🤖 AI Summary
Industrial non-intrusive load monitoring (NILM) faces challenges including scarcity of real-world data, complex appliance-level energy consumption patterns, and privacy constraints—severely limiting model generalizability. To address these, we propose Appliance-Modulated Data Augmentation (AMDA), a device-aware, controllable data augmentation framework built upon the open-source SIDED dataset generated via digital twin simulation. AMDA dynamically modulates augmentation intensity according to each appliance’s electricity consumption influence weight, preserving data fidelity while alleviating annotation scarcity and privacy bottlenecks. Experiments demonstrate that NILM models trained with AMDA achieve a normalized decomposition error of 0.093 on unseen scenarios—reducing errors by 80% and 68% compared to no augmentation and random augmentation baselines, respectively. This yields substantial improvements in cross-scenario generalization. Our work establishes a reproducible, scalable paradigm for data generation and augmentation tailored to industrial NILM.
📝 Abstract
Industrial Non-Intrusive Load Monitoring (NILM) is limited by the scarcity of high-quality datasets and the complex variability of industrial energy consumption patterns. To address data scarcity and privacy issues, we introduce the Synthetic Industrial Dataset for Energy Disaggregation (SIDED), an open-source dataset generated using Digital Twin simulations.
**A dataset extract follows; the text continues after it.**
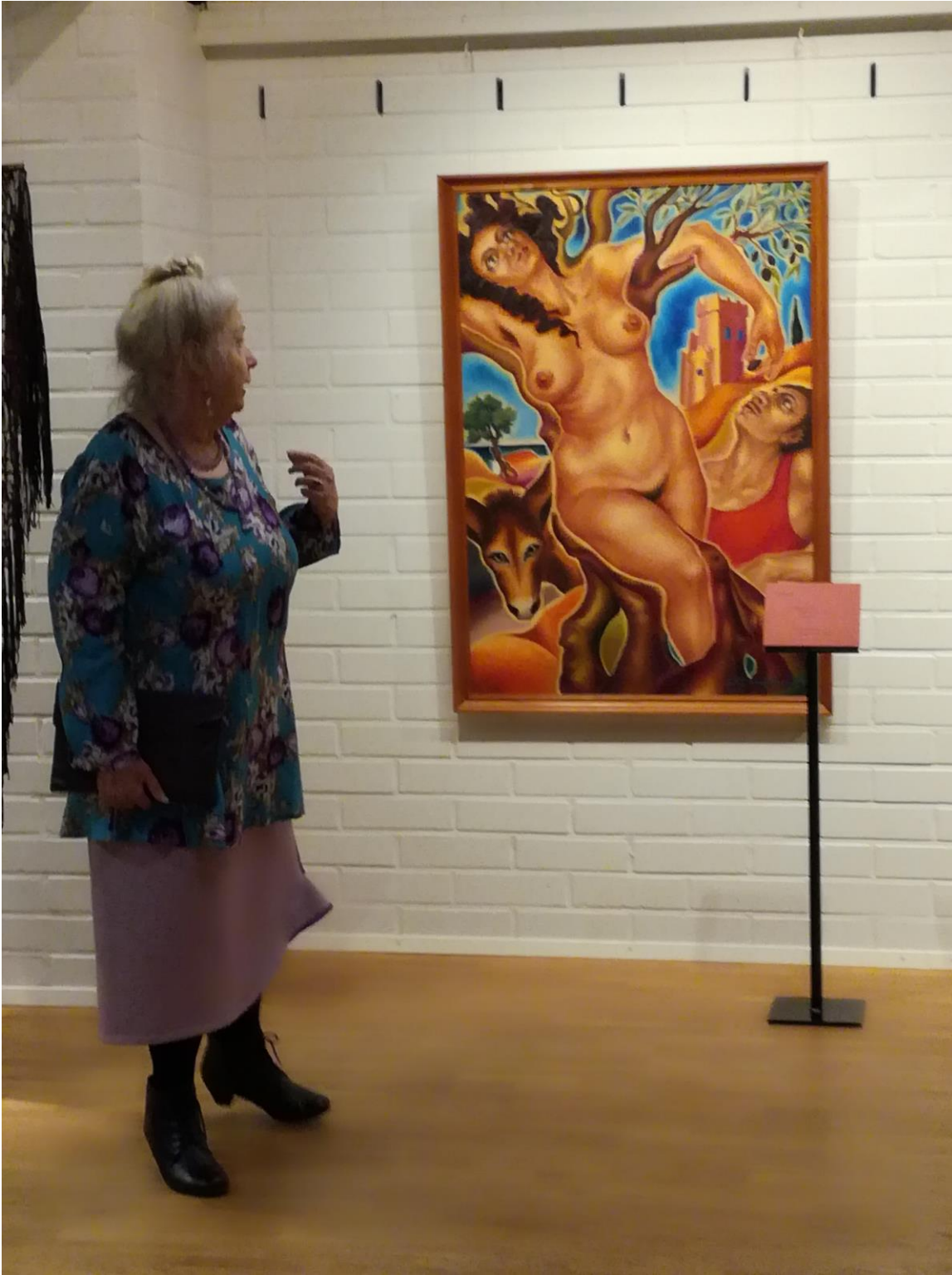
Köyliön lähialueet Harjavalta

Köyliön Ystävien 10-vuositapaamisen kunniaksi toteutettiin juhlakiertue, joka koostui ystävätapaamisista Köyliön ystäviä jokaisessa ystäväkaupungissa ja Köyliön lähialueella.

SIDED includes three types of industrial facilities across three different geographic locations, capturing diverse appliance behaviors, weather conditions, and load profiles. We also propose the Appliance-Modulated Data Augmentation (AMDA) method, a computationally efficient technique that enhances NILM model generalization by intelligently scaling appliance power contributions based on their relative impact. We show in experiments that NILM models trained with AMDA-augmented data significantly improve the disaggregation of energy consumption of complex industrial appliances like combined heat and power systems. Specifically, in our out-of-sample scenarios, models trained with AMDA achieved a Normalized Disaggregation Error of 0.093, outperforming models trained without data augmentation (0.451) and those trained with random data augmentation (0.290). Data distribution analyses confirm that AMDA effectively aligns training and test data distributions, enhancing model generalization.